_DIRECTIONS_:
Take the lines of the data below from the very first through the line containing "Gollaprolu: Actor Varun" and output them exactly, pictures excluded.

═══ GIVEN DATA

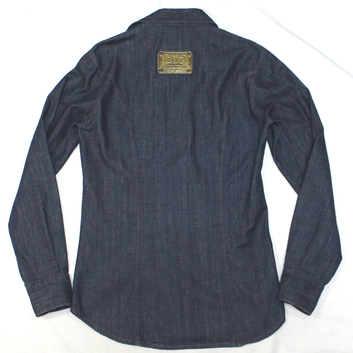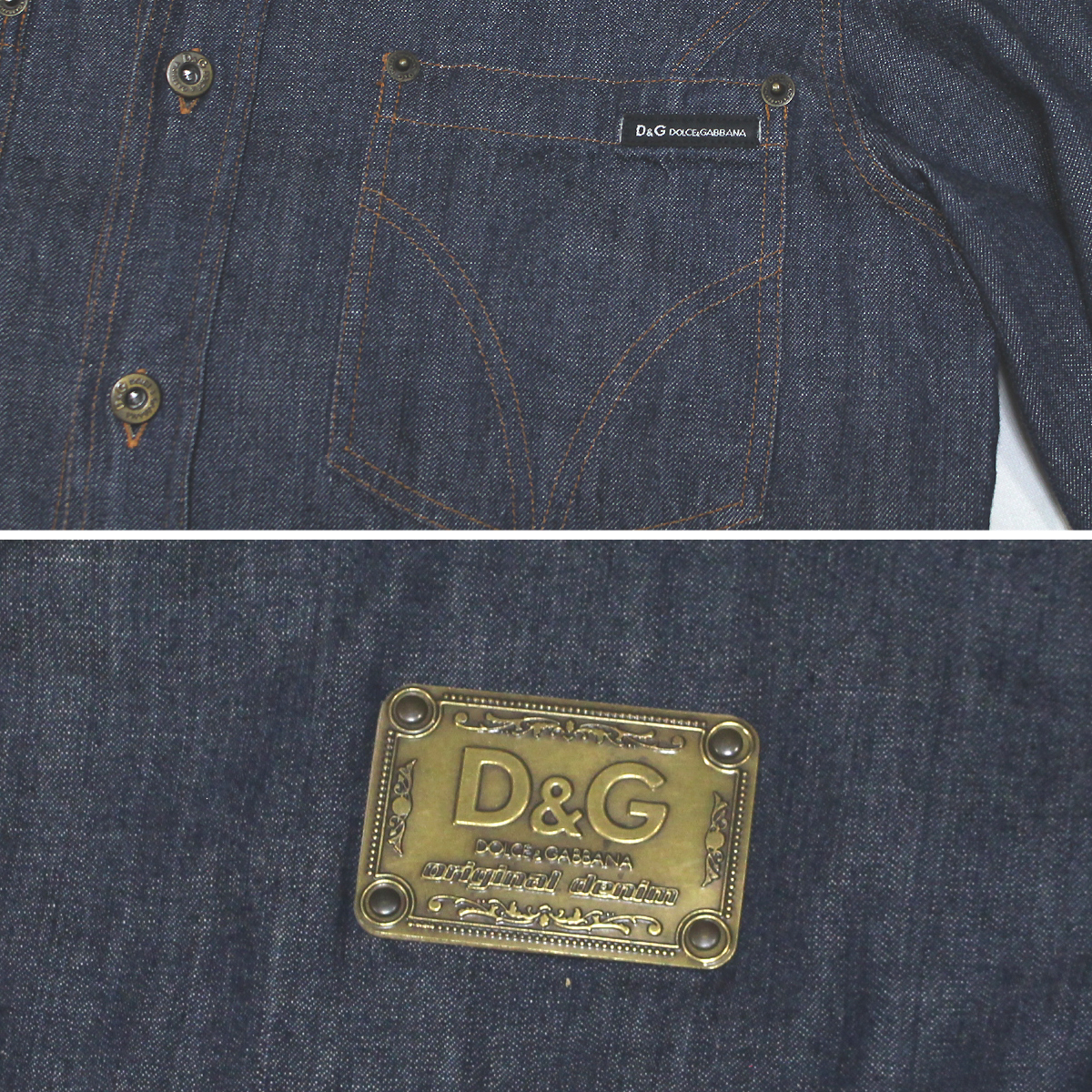 極美品 未使用級 DOLCE&GABBANA ロゴプレート付き デニム 長袖シャツ S インディゴブルー 長袖トップス ドルガバ D&G ドレスシャツ
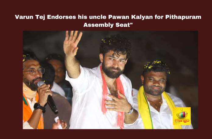 Gollaprolu: Actor Varun Tej voiced his support for his uncle, Pawan Kalyan, urging voters to elect him to the Assembly from Pithapuram. Varun Tej embarked on a roadshow across several villages in the Gollaprolu mandal on Saturday, rallying for Janasena candidate Pawan Kalyan.
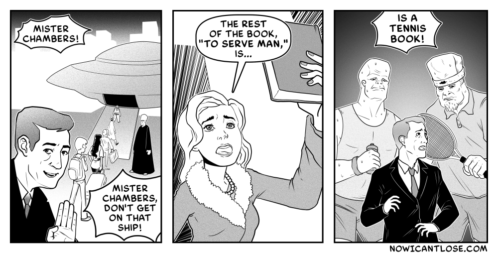 Unnumbered #76 Oct05 by Jack Scully on October 5, 2016 at 11:00 am Chapter: Comic To Serve Man └ Tags: 76, tennis, the twilight zone, unnumbered Comment

══════

_WRITTEN ANSWER_:
 極美品 未使用級 DOLCE&GABBANA ロゴプレート付き デニム 長袖シャツ S インディゴブルー 長袖トップス ドルガバ D&G ドレスシャツ
 Gollaprolu: Actor Varun Tej voiced his support for his uncle, Pawan Kalyan, urging voters to elect him to the Assembly from Pithapuram. Varun Tej embarked on a roadshow across several villages in the Gollaprolu mandal on Saturday, rallying for Janasena candidate Pawan Kalyan.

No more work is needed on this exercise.